───── Data extracts ─────

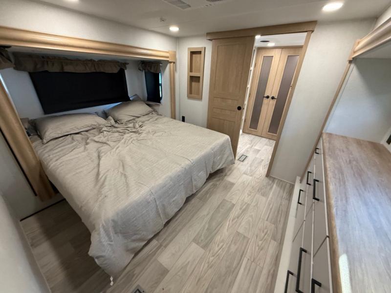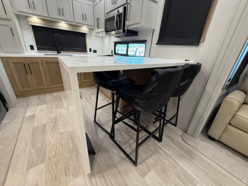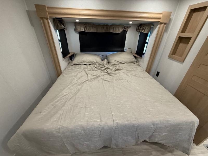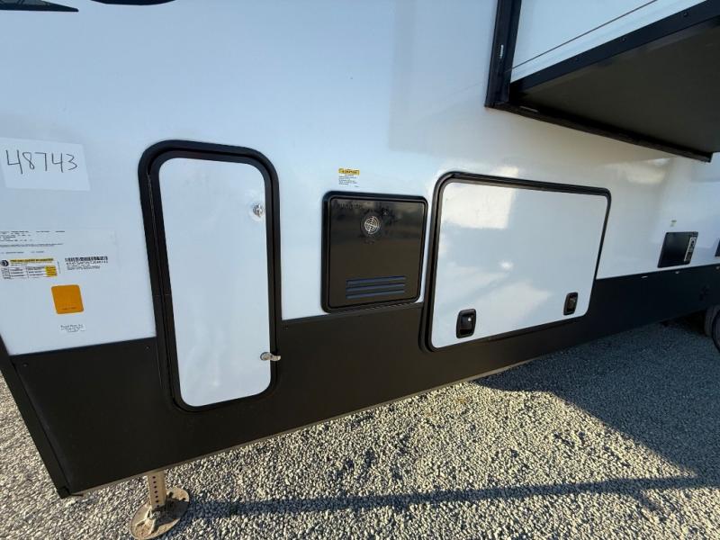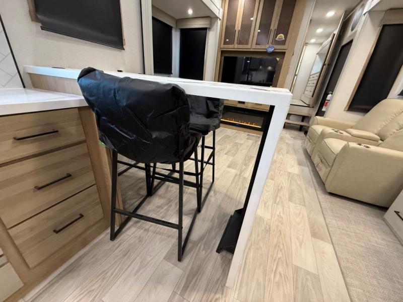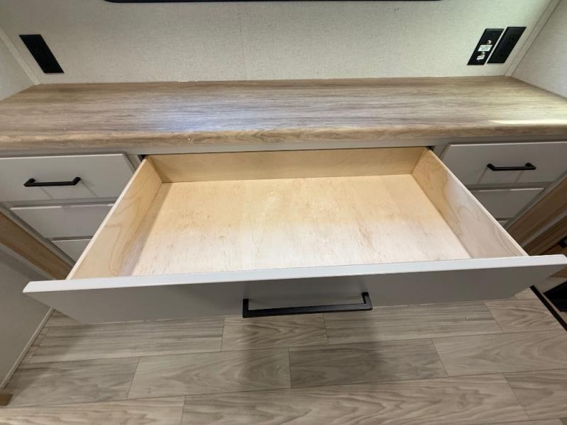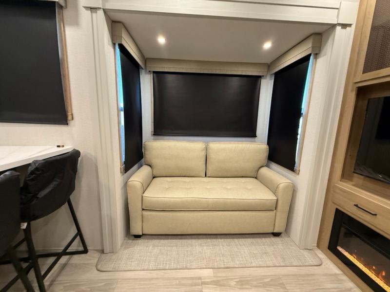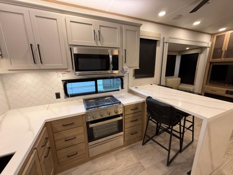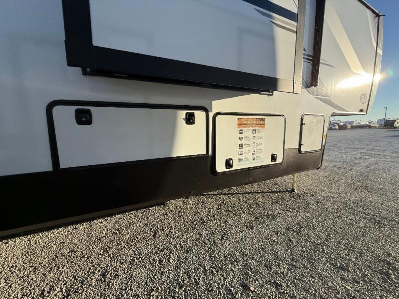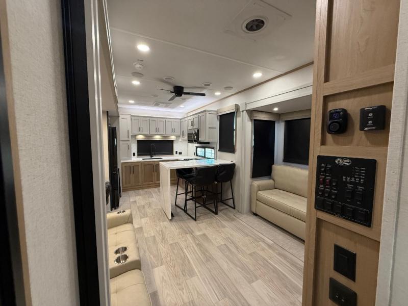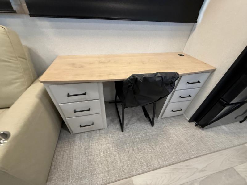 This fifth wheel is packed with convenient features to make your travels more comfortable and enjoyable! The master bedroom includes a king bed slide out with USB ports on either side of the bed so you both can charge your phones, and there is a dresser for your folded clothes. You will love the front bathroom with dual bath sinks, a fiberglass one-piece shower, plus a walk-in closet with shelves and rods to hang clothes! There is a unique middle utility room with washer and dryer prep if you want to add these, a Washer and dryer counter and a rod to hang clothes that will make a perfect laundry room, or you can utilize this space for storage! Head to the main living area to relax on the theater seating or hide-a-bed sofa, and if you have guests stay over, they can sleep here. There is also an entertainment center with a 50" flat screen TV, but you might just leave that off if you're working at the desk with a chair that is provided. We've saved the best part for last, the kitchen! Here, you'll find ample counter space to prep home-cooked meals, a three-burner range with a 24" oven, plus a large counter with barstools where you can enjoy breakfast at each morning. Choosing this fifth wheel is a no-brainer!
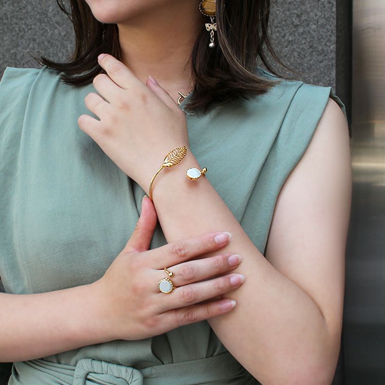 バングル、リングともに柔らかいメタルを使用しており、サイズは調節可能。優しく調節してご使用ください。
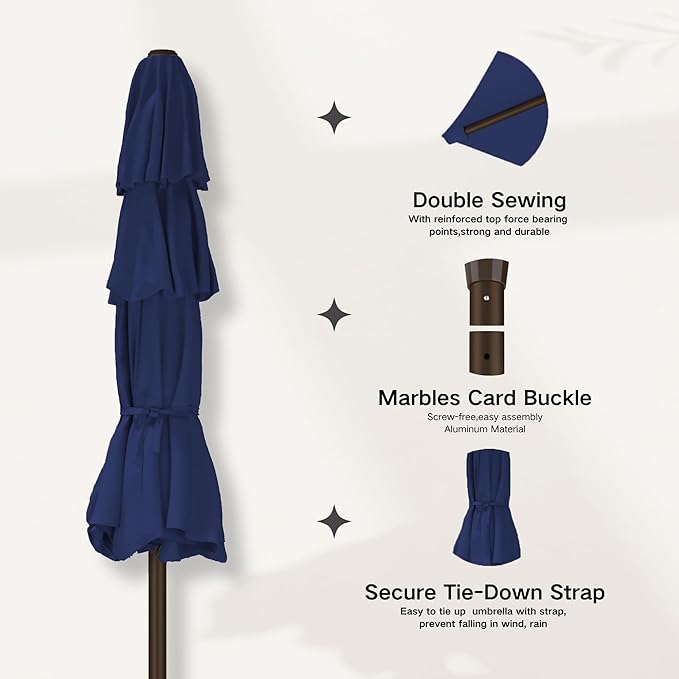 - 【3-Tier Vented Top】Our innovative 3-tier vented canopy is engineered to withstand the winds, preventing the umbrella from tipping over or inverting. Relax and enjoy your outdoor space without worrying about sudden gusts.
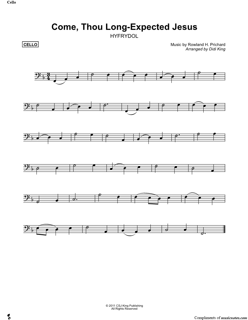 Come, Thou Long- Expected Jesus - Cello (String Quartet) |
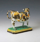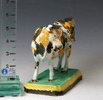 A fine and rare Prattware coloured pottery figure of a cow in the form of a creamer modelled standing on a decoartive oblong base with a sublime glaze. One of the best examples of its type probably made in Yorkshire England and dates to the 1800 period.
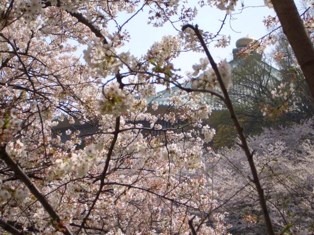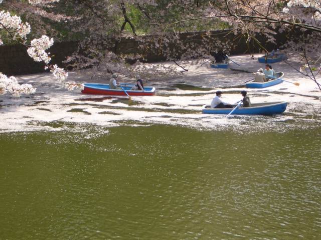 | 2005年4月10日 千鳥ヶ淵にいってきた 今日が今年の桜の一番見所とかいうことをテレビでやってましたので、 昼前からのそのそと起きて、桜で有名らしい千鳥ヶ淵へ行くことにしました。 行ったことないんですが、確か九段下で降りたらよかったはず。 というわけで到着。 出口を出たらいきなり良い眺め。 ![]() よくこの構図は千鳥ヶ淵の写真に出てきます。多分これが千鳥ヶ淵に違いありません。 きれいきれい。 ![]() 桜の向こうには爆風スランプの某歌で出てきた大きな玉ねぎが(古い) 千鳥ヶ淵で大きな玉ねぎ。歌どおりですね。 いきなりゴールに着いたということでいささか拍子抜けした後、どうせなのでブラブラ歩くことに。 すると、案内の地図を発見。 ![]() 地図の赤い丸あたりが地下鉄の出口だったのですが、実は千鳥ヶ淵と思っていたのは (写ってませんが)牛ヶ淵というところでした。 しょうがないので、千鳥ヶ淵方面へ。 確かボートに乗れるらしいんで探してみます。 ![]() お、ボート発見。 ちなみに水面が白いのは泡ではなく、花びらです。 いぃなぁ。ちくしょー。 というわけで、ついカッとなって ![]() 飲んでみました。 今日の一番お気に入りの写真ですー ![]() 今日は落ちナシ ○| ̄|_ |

─────

Goal of the exercise:
Keep every word of the data as it is when you write it out, but drop the pictures.

Task output:
 This fifth wheel is packed with convenient features to make your travels more comfortable and enjoyable! The master bedroom includes a king bed slide out with USB ports on either side of the bed so you both can charge your phones, and there is a dresser for your folded clothes. You will love the front bathroom with dual bath sinks, a fiberglass one-piece shower, plus a walk-in closet with shelves and rods to hang clothes! There is a unique middle utility room with washer and dryer prep if you want to add these, a Washer and dryer counter and a rod to hang clothes that will make a perfect laundry room, or you can utilize this space for storage! Head to the main living area to relax on the theater seating or hide-a-bed sofa, and if you have guests stay over, they can sleep here. There is also an entertainment center with a 50" flat screen TV, but you might just leave that off if you're working at the desk with a chair that is provided. We've saved the best part for last, the kitchen! Here, you'll find ample counter space to prep home-cooked meals, a three-burner range with a 24" oven, plus a large counter with barstools where you can enjoy breakfast at each morning. Choosing this fifth wheel is a no-brainer!
 バングル、リングともに柔らかいメタルを使用しており、サイズは調節可能。優しく調節してご使用ください。
 - 【3-Tier Vented Top】Our innovative 3-tier vented canopy is engineered to withstand the winds, preventing the umbrella from tipping over or inverting. Relax and enjoy your outdoor space without worrying about sudden gusts.
 Come, Thou Long- Expected Jesus - Cello (String Quartet) |
 A fine and rare Prattware coloured pottery figure of a cow in the form of a creamer modelled standing on a decoartive oblong base with a sublime glaze. One of the best examples of its type probably made in Yorkshire England and dates to the 1800 period.
 | 2005年4月10日 千鳥ヶ淵にいってきた 今日が今年の桜の一番見所とかいうことをテレビでやってましたので、 昼前からのそのそと起きて、桜で有名らしい千鳥ヶ淵へ行くことにしました。 行ったことないんですが、確か九段下で降りたらよかったはず。 というわけで到着。 出口を出たらいきなり良い眺め。 ![]() よくこの構図は千鳥ヶ淵の写真に出てきます。多分これが千鳥ヶ淵に違いありません。 きれいきれい。 ![]() 桜の向こうには爆風スランプの某歌で出てきた大きな玉ねぎが(古い) 千鳥ヶ淵で大きな玉ねぎ。歌どおりですね。 いきなりゴールに着いたということでいささか拍子抜けした後、どうせなのでブラブラ歩くことに。 すると、案内の地図を発見。 ![]() 地図の赤い丸あたりが地下鉄の出口だったのですが、実は千鳥ヶ淵と思っていたのは (写ってませんが)牛ヶ淵というところでした。 しょうがないので、千鳥ヶ淵方面へ。 確かボートに乗れるらしいんで探してみます。 ![]() お、ボート発見。 ちなみに水面が白いのは泡ではなく、花びらです。 いぃなぁ。ちくしょー。 というわけで、ついカッとなって ![]() 飲んでみました。 今日の一番お気に入りの写真ですー ![]() 今日は落ちナシ ○| ̄|_ |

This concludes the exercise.